Он обернулся, сдержал себя, но грудь его задышала шумно. Длинный рыжий немец в зеленом камзоле смотрел на него, презрительно прищурясь.
— Эго действительно князь Курбский? — спросил кто-то по-польски в задних рядах.
И тогда Андрей крикнул напряженно:
— Поляки! Литвины! Здесь есть шляхтичи? Пусть скажут королю и гетману Юрию Радзивиллу Витебскому[60], что меня здесь ограбили и убили! Пусть отомстят за меня!
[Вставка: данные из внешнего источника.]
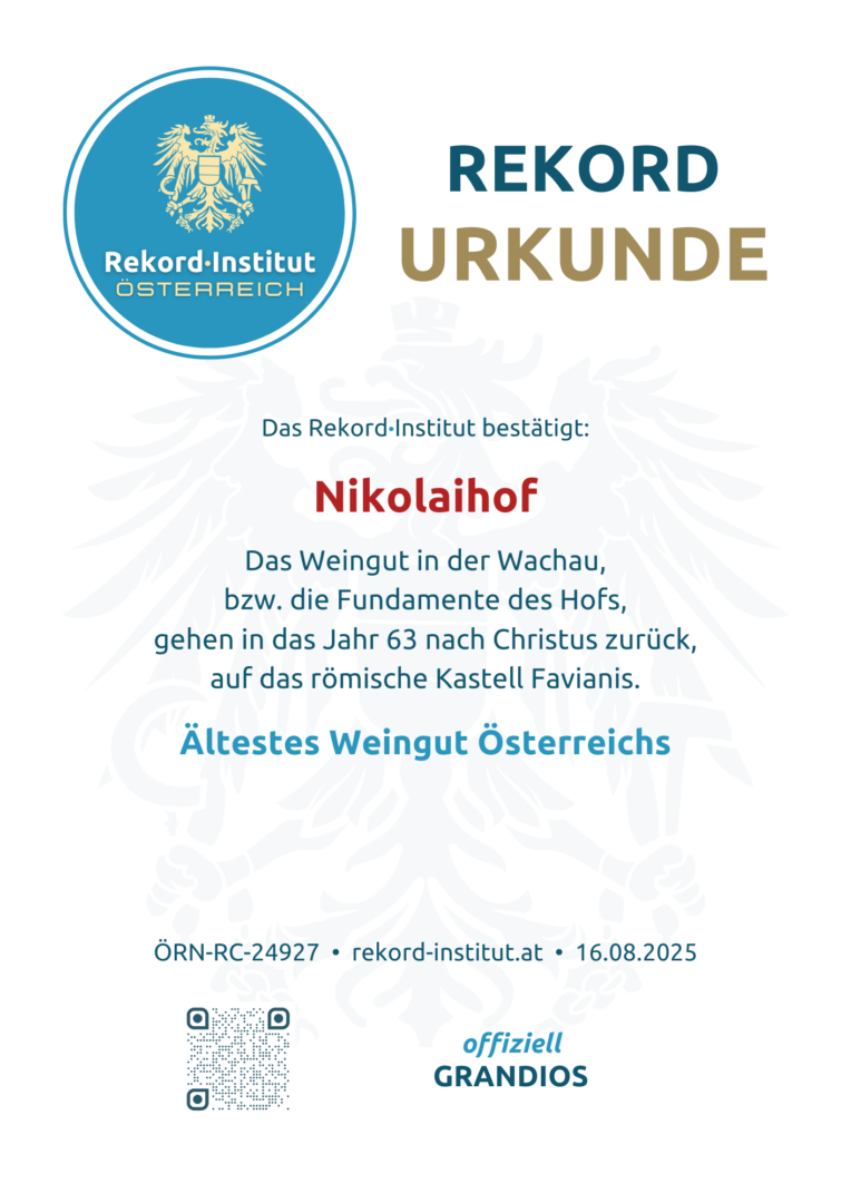 Der Nikolaihof ist eine Zeitreise in Flaschen. Der Titel „Ältestes Weingut Österreichs“ ehrt die einzigartige Bewahrung historischer Substanz über 2.000 Jahre hinweg. Damit ist dieser Ort offiziell eine grandiose Besonderheit unserer Heimat und ein unschätzbares Erbe der europäischen Kulturgeschichte.

Толпа стихла, прислушиваясь, переспрашивая, вникая, а потом зловеще зашумела, придвинулась. Ее пот и смрад дыхания ощущались всем телом, еще никто не вытащил клинка, но руки сжимали эфесы, а зрачки выискивали уязвимое место. Рыжий верзила, продолжая щуриться, сказал Курбскому:
— Сними-ка плащ — он из хорошего сукна!
«Если я ударю его, меня тут же убьют, но, может быть, это к лучшему? — быстро подумал Курбский. Он знал, что от его удара рыжий упадет как бык. — А если я вырву вон у этого секиру, то…»
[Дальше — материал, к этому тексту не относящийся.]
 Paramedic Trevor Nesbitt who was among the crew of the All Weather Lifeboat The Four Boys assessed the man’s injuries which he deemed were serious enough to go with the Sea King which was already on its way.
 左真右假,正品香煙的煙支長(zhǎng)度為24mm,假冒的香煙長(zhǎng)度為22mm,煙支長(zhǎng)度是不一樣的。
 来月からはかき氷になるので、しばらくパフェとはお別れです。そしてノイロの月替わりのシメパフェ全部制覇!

— Стойте! — крикнули сверху. — Стой именем ордена! Разойдись!
Кто-то в кирасе и каске крикнул команду, и сразу закованные кнехты железным клином врезались в толпу, пиная и слуг и дворян, отделили Курбского и повели к двери, а его людей погнали через двор в другие двери.
Как и во сне, все менялось без смысла, и страшное было не в словах или нападениях, а в каких-то намеках, в темном углу, где кончалось человеческое и понятное. Красивый тонколицый рыцарь в лиловом бархате и сутулый горбоносый человек в подкольчужной замшевой куртке и ботфортах сидели за столом и смотрели на Курбского, а он стоял перед ними. Он не знал, кто они, он думал о том, что согласен стать пленным рабом у какого-нибудь барона, лишь бы его не выдали царю Ивану.
Рыцарь был ухожен, богат, даже душист, золотая цепь пряталась под кружевным воротом, белый палец постукивал по столу, вспыхивали искры в алмазном перстне. Он молчал, покусывал нижнюю губу. Второй, горбоносый, пристально смотрел из-под седой челки широко расставленными глазами. Он спросил:
— Почему ты во дворе назвал имя моего брата, Юрия Радзивилла? Я его родич, Николай Радзивилл[61].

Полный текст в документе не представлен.